Bulgaria has a Presidential election this weekend. There’s no question who’s going to win, but there’s still some nail-biting suspense.
Why? Well, the current President is former Socialist Georgi Parvanov. (“Former” Socialist because the Bulgarian President must not be affiliated with any political party.) He seems to be a decent enough fellow. The Bulgarian Presidency doesn’t have a lot of power, but Parvanov looks good, says all the right things, and has generally acted Presidential. Earlier this year, he acknowledged that he’d “cooperated” with the State Security Service back in the days of Communism; perhaps because he was quick to admit it, nobody seems to hold it much against him.
Parvanov is reasonably popular. He’s not considered brilliant, but he’s energetic, peripatetic, and constantly in the public eye. (There’s a joke that if you want to see him, build a doghouse, and he’ll show up to cut the ribbon.) So, he will almost certainly win the election this Tuesday.
But. Under Bulgaria’s election law, Presidential elections go to a second round if (1) nobody wins 50% of the votes cast, or (2) 50% of eligible voters don’t turn out. Parvanov will probably get well past 50%, but low turnout seems likely — in the last national election, only 42% of the voters showed up. So there will probably be a second round.
This raises the interesting question of who’ll come in second.
The Clean Judge, the Clever Old Man, and the Asshole
Although eight candidates are running, four of them are no-hopers. Realistically, only three people have any chance of making it into the second round to challenge Parvanov.
First, there’s Georgi Markov. A judge in Bulgaria’s constitutional court, he was a major figure in the early ’90s, but has since been marginalized.
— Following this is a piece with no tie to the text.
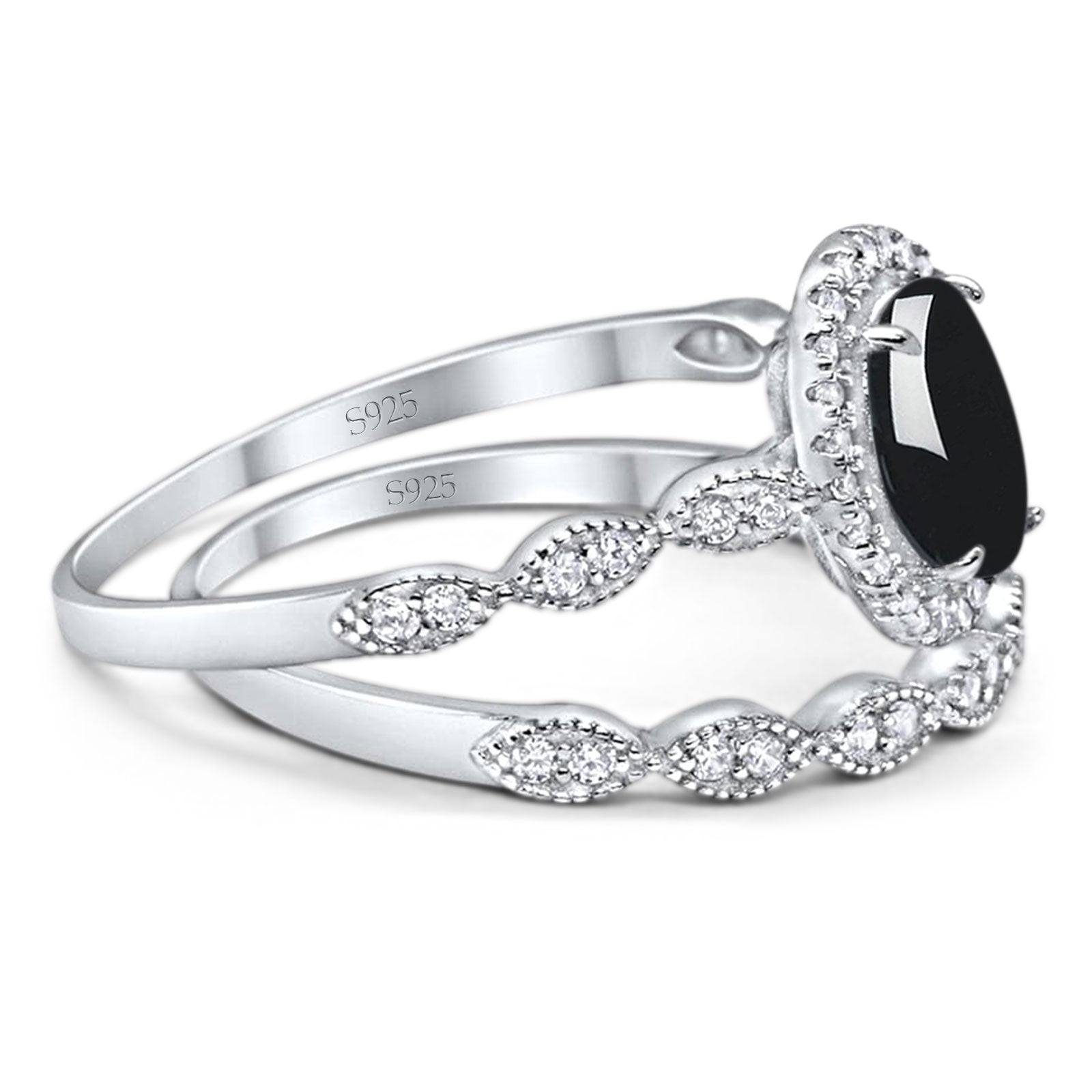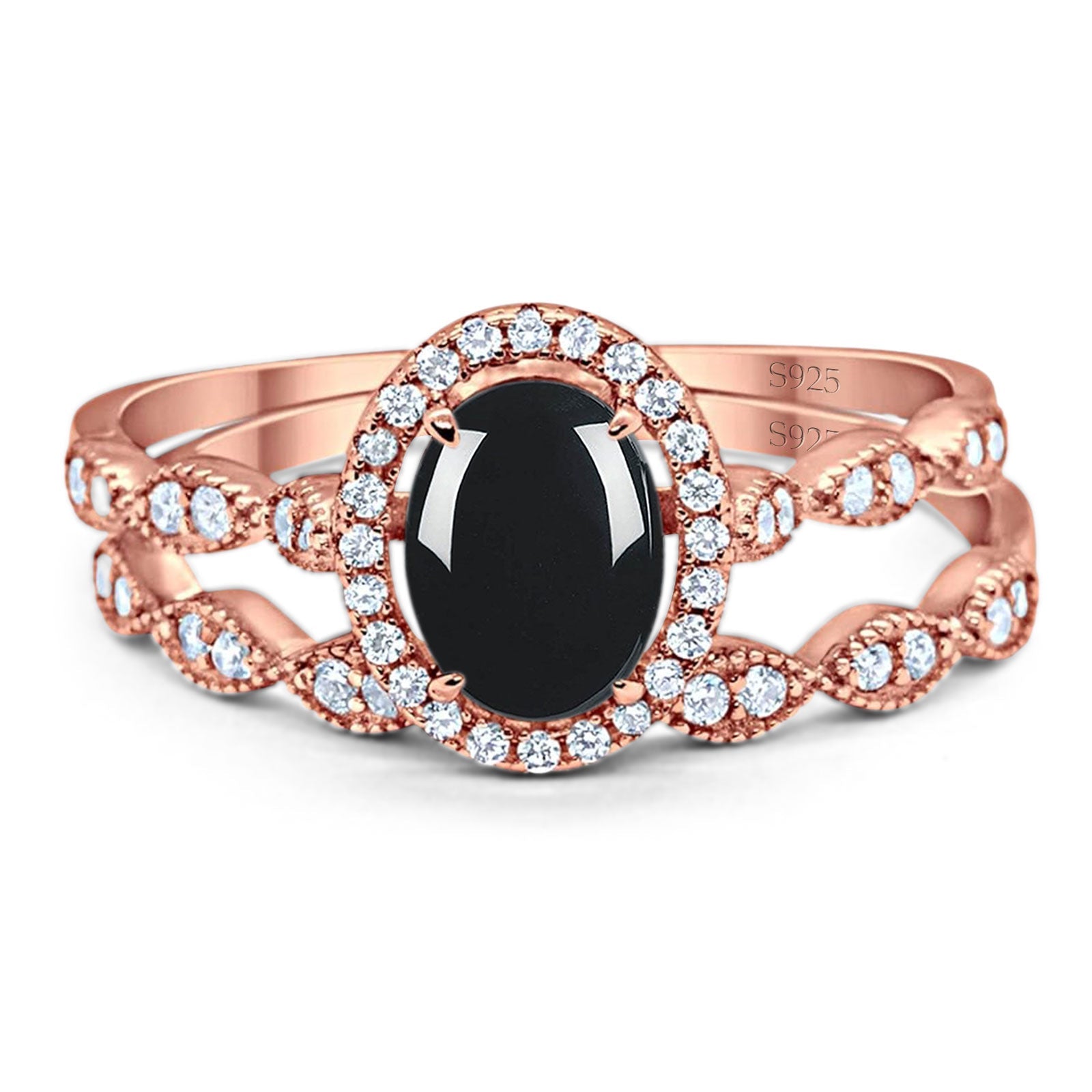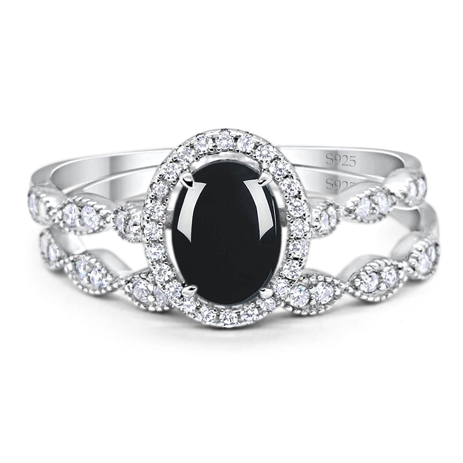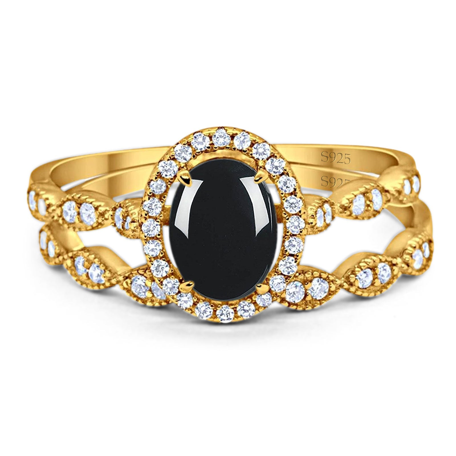 Vintage Style Two Piece Oval Natural Black Onyx Bridal Set Ring 925 Sterling Silver

Markov is standing as the clean, untainted candidate who is above party politics. Currently his poll numbers are in single digits, and he probably has little chance unless some other candidates drop out.
Second, there’s Nedelcho Beronov. A conservative, he’s smooth, polished, and articulate; there’s general agreement that he’s one of the smartest men in Bulgarian politics. Unfortunately, he’s 78 years old. His poll numbers are hovering around 10-15%.
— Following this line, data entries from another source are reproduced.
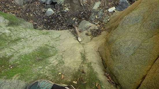 出だしの滝はスラブ岩でバランス感覚さえ良ければ、あるいは落口縁に手が届けば登れそうなのだが、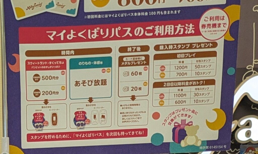 1000円で購入できるパスを使ってゲームをプレイするとスタンプ(ポイント)が30ポイント貯まる仕組み。500円コース、1000円コースなど複数のプレイオプションがあり、景品交換はポイントに応じて可能。おすすめ景品1000ポイントで交換できる大きなマイメロディのクッションやおもちゃが目玉。ポスターに描かれた可愛いぬいぐるみ風グッズが魅力だ。遊び方とコツパスを買って30回程度遊べば目標達成。定額制で効率的にポイントを貯め、マイメロファンにぴったり!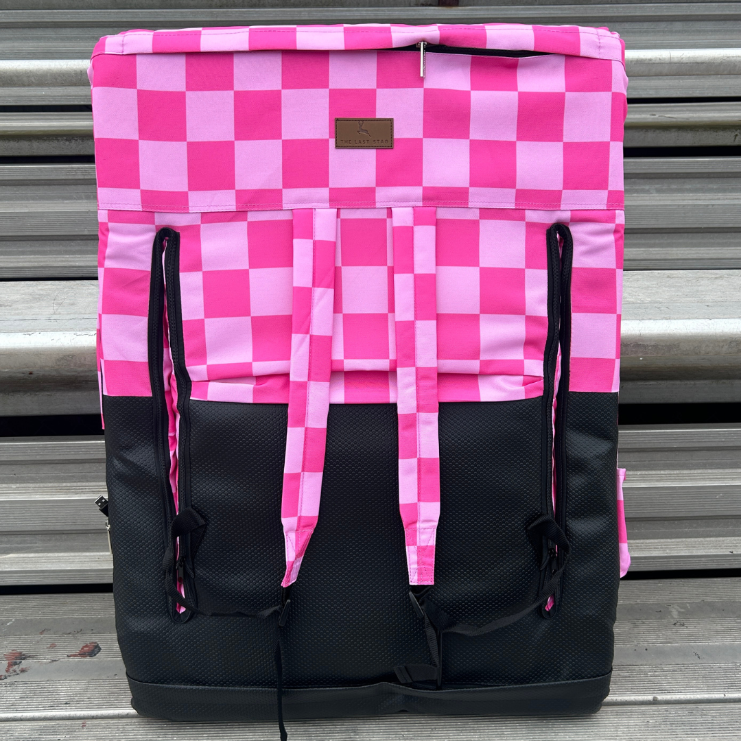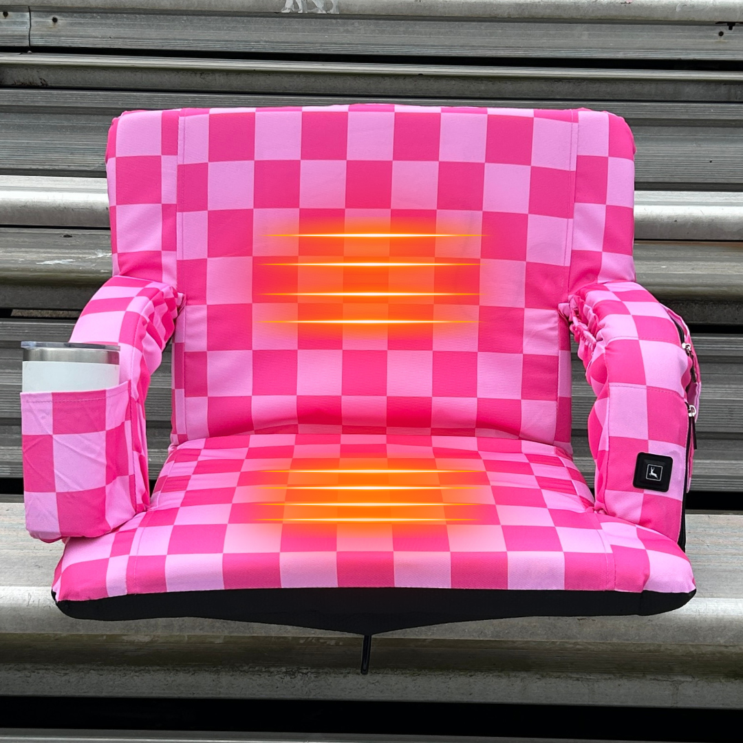 Heated Pink Checkerboard 23" Stadium Seat with Armrests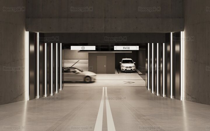 Для автомобилей резидентов предусмотрен подземный паркинг на 63 места, в числе которых 9 мест под электрокары с возможностью подзарядки. Автоматическая пропускная система распознает номерные знаки. Также попасть в паркинг можно с помощью RFID-метки или связавшись с охраной. Гостевой и сервисный доступ в паркинг обеспечивается по заявке собственника.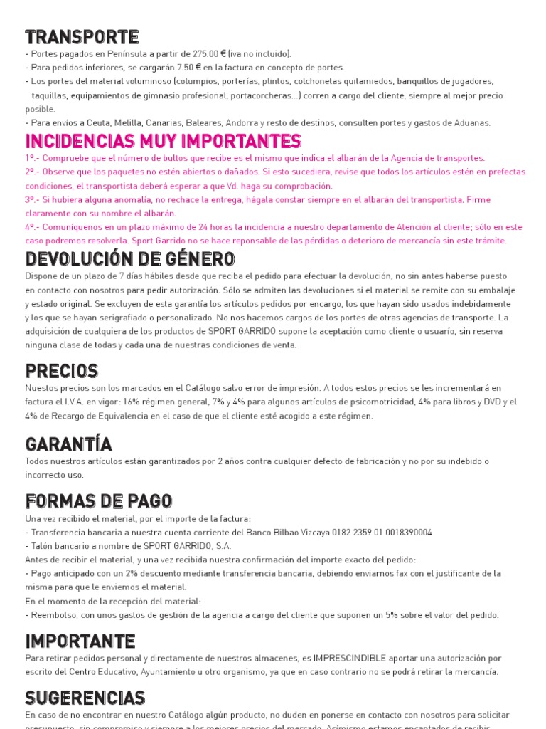 Una vez recibido el material, por el importe de la factura: - Transferencia bancaria a nuestra cuenta corriente del Banco Bilbao Vizcaya 0182 2359 01 0018390004 - Taln bancario a nombre de SPORT GARRIDO, S.A. Antes de recibir el material, y una vez recibida nuestra confirmacin del importe exacto del pedido: - Pago anticipado con un 2% descuento mediante transferencia bancaria, debiendo enviarnos fax con el justificante de la misma para que le enviemos el material. En el momento de la recepcin del material: - Reembolso, con unos gastos de gestin de la agencia a cargo del cliente que suponen un 5% sobre el valor del pedido.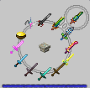 Щелчок левой кнопкой мыши вызовет 4 призрачных меча, которые полетят по точке удара. Каждый меч нанесёт каждому существу 7 единиц урона. Призыв мечей не расходует ману.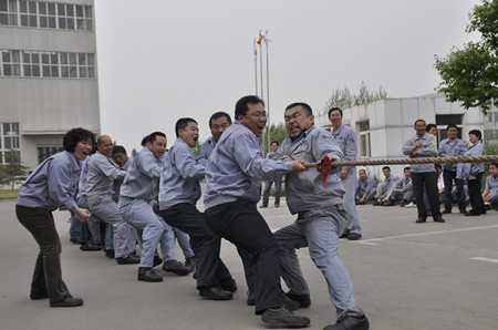 新聞中心為慶祝五?一勞動(dòng)節(jié),公司工會(huì)舉辦“第五屆員工拔河比賽”。4月30日下午,在辦公樓前200多名員工參加的拔河比賽正緊張進(jìn)行。參賽隊(duì)伍共有八支男隊(duì)、四支女隊(duì)。經(jīng)過(guò)緊張的角逐,焊接物流隊(duì)以絕對(duì)的優(yōu)勢(shì)力拔頭籌獲得男子冠軍,生產(chǎn)裝配隊(duì)獲得男子亞軍;生產(chǎn)部女隊(duì)獲女子冠軍。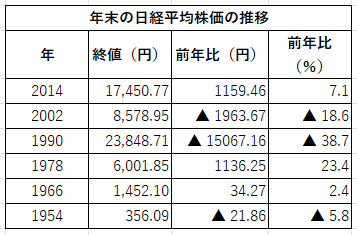 では、「辰巳天井、午尻下がり」は毎回、的中しているのだろうか。日本経済の復興が本格化した1950年代以降の「午年」をみると、「尻下がり」のケースはあと2回ある。前年末比で5.8%安の1954年と同じく18.6%安だった2002年である。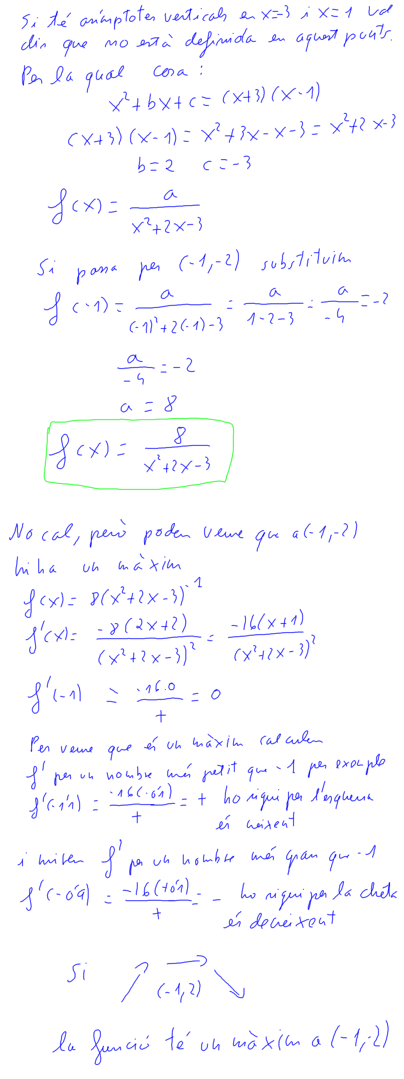 (2010-juny-5) 3. Determineu el valor dels paràmetres a, b i c perquè la gràfica de la funció sigui la següent:

Third, there’s Volen Siderov. Siderov is the leader of “Ataka”, the obnoxious xenophobe populist nationalist party. Almost every country in Eastern Europe has such a party. In Bulgaria it took a while to emerge — “Ataka” (the name means “Attack”) only appeared in 2004. But then it gained 8% of the vote and 21 seats in Parliament.
Siderov is pretty much what you’d expect. He got started in politics hosting an “in-your-face” cable TV show. His trademark is a black leather jacket. His speeches are long, spittle-flecked rants. A homophobe and a xenophobe, he blames Bulgaria’s economic problems on Turks and Gypsies; he’s currently under indictment for encouraging violence against minorities. In sum, he’s an asshole.
He’s polling over 20%, about as much as the next two candidates combined.
Depressing? A little; but then, France sent Jean-Marie Le Pen to the runoff a few years back. And then, Bulgaria’s neighbor Romania had a runoff between Ion Iliescu and populist-nationalist sleazebag Vadim Tudor in 2001. So it’s not exactly unheard of. The two-round system of Presidential elections encourages everyone and his dog to run, making it possible to win second place with just 20% or so of the vote. If it’s reasonably well organized, and has a half presentable leader, it’s just not that hard for an obnoxious populist nationalist party to get 20%.
The key issue is not whether Siderov will make it to the runoff — he probably will — but how well he’ll do once he gets there. If he gets more than a third of the vote in the runoff election, there’s a problem. If not, shrug and move on — Bulgaria joins the EU on January 1, and will have other fish to fry.